POST /pos/v2/simulate runs identical logic but is read-only — no coupon redemption, no budget consumption, no audit log — and stamps meta.isSimulation: true. Use it for cart previews and "what would I save" widgets. A simulation is never confirmed; when the customer commits, run a real evaluate and confirm that iteration.

See the wire contract for the full field tables, and Promotion scenarios & actions for what each promotion type produces in the response.

Phase 2 — Confirm

At checkout, commit the chosen iteration with POST /pos/v2/confirm.
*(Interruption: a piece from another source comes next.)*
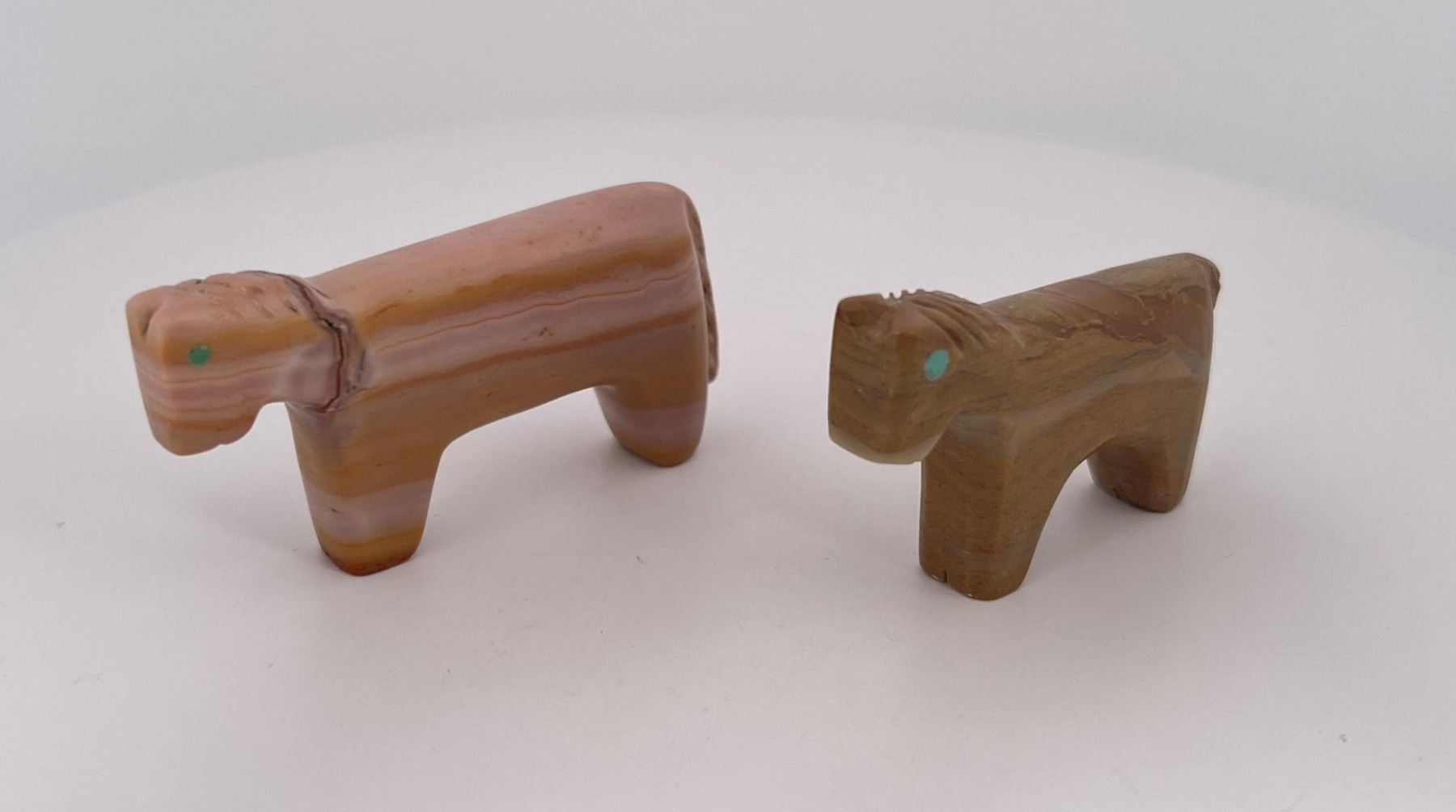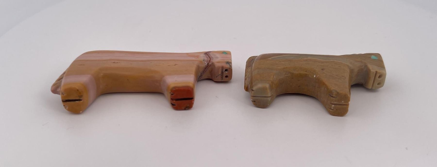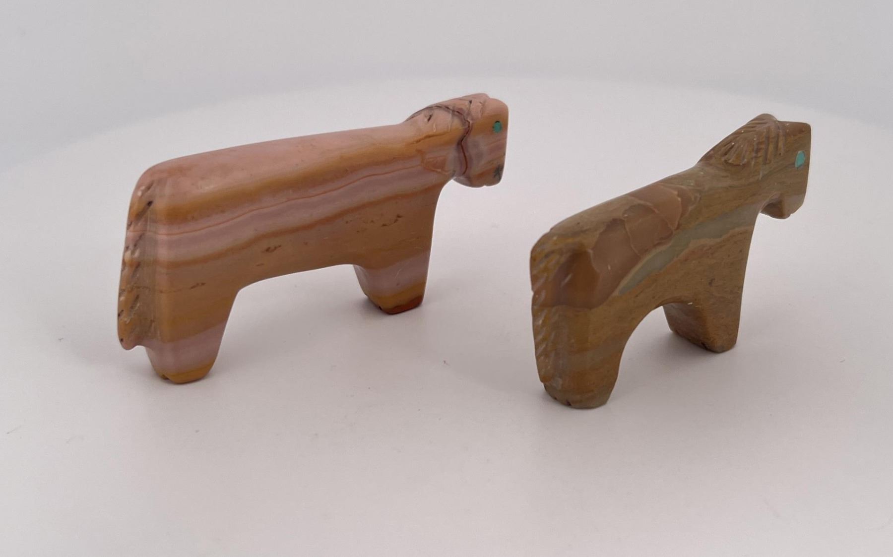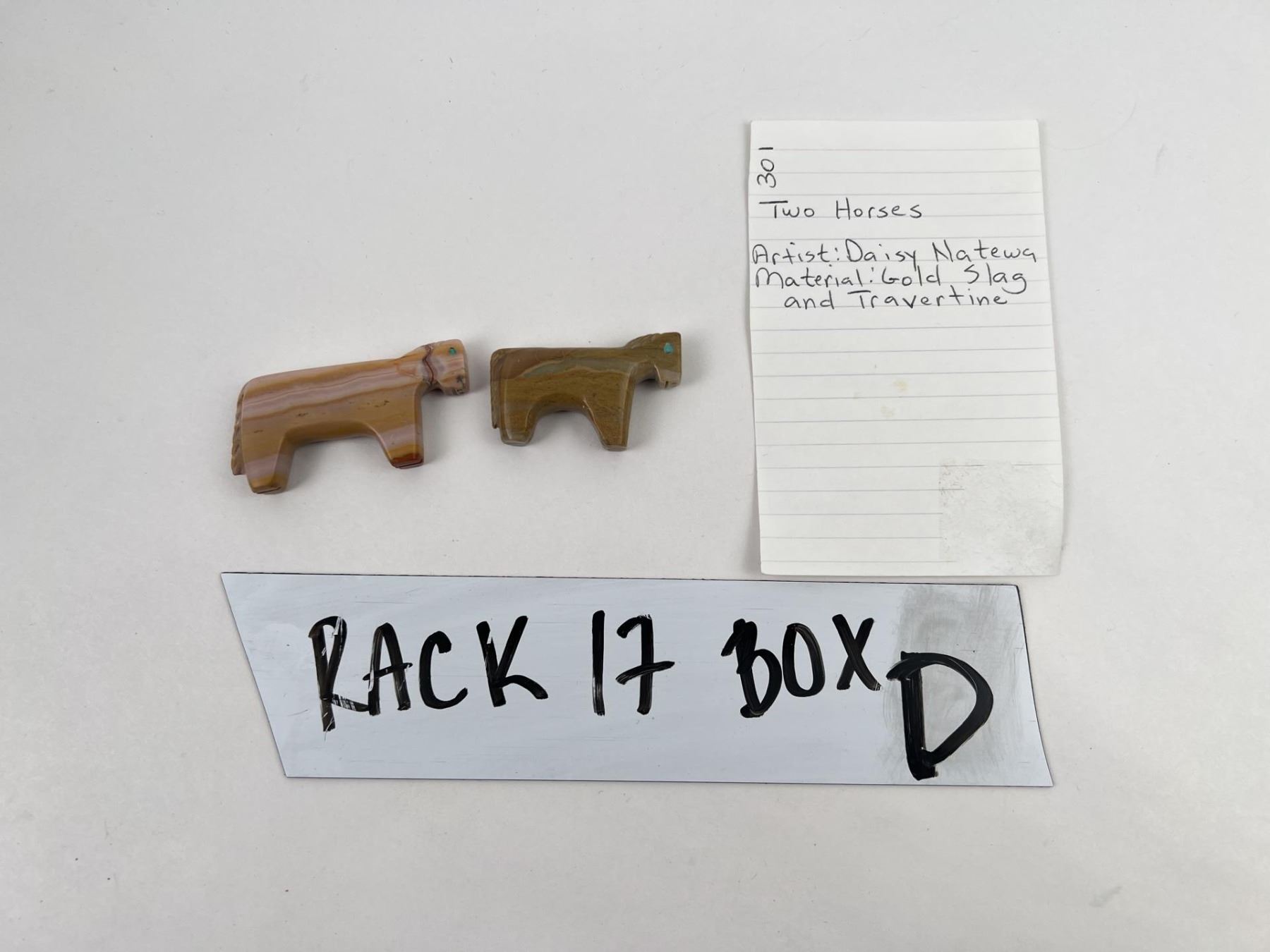 2 1/2" long, 1 1/4" tall, 3/8" wide. One horse has a repaired neck.

You pass the full identity tuple and the promotions you are finalising. The appliedPromotions[] entries mirror the evaluate response — each accepts a discountAmount (Money), so you can echo what evaluate returned verbatim.

{
"request": {
"header": {
"transactionId": "TXN-1",
"transactionCounter": 2
},
"transactionId": "TXN-1",
"posGroupCode": "STORE-001",
"appliedPromotions": [
{
"promotionId": "10000000-0000-4000-8000-000000000001",
"couponCode": null,
"discountAmount": { "value": 18.00, "currency": "EUR" }
}
],
"customerId": "CUST-4711",
"timestamp": "2026-06-07T14:30:45Z"
}
}
{
"transactionId": "TXN-1",
"confirmed": true,
"message": "Transaction confirmed"
}

Side effects — synchronous vs asynchronous

confirm triggers several side effects. On BTP they are split:

  • Primary, synchronous — completed before confirm returns:
    • Budget consumption (so a budget can't be over-spent by a race).
    • Calculation audit log.
  • Secondary, asynchronous — queued and processed by a background worker:
    • Coupon redemption, loyalty points, receipt effects, post-purchase coupon generation, and webhooks.

This keeps the checkout response fast while guaranteeing the money-critical writes are durable before you tell the customer "done".

Polling the async results

Poll GET /pos/v2/transactions/{transactionId}/{transactionCounter}/side-effects to observe the secondary effects. The response reports job status, timing, and the concrete outcomes:

{
"minorVersion": 0,
"transactionId": "TXN-1",
"transactionCounter": 2,
"status": "COMPLETED",
"enqueuedAt": "2026-06-07T14:30:45.500Z",
"startedAt": "2026-06-07T14:30:45.620Z",
"completedAt": "2026-06-07T14:30:45.910Z",
"attempts": 1,
"couponsRedeemed": 1,
"budgetsConsumed": 1,
"loyaltyPointsEarned": 0,
"postPurchaseCoupons": [
{
"code": "XMAS-7F3K9A",
"couponTypeId": "...",
"customerId": "CUST-4711",
"issuedAt": "2026-06-07T14:30:45.880Z"
}
],
"reason": null
}

The poll result is cached ~1 second server-side, so a tight loop is safe. Stop when status is COMPLETED or FAILED.

Confirm is not a safe blind-retry

confirm commits one specific (transactionId, transactionCounter) iteration. If a confirm call times out, do not simply replay it — poll the side-effects endpoint for that tuple to learn whether it committed, then act on the result.

Local-store note

On a local-store instance the same flow applies, but when the store is offline the transaction is queued locally and the side effects reconcile on the next sync to BTP. meta.source (btp | local-store) and GET /pos/heartbeat tell you which mode you are in and whether transactions are pending.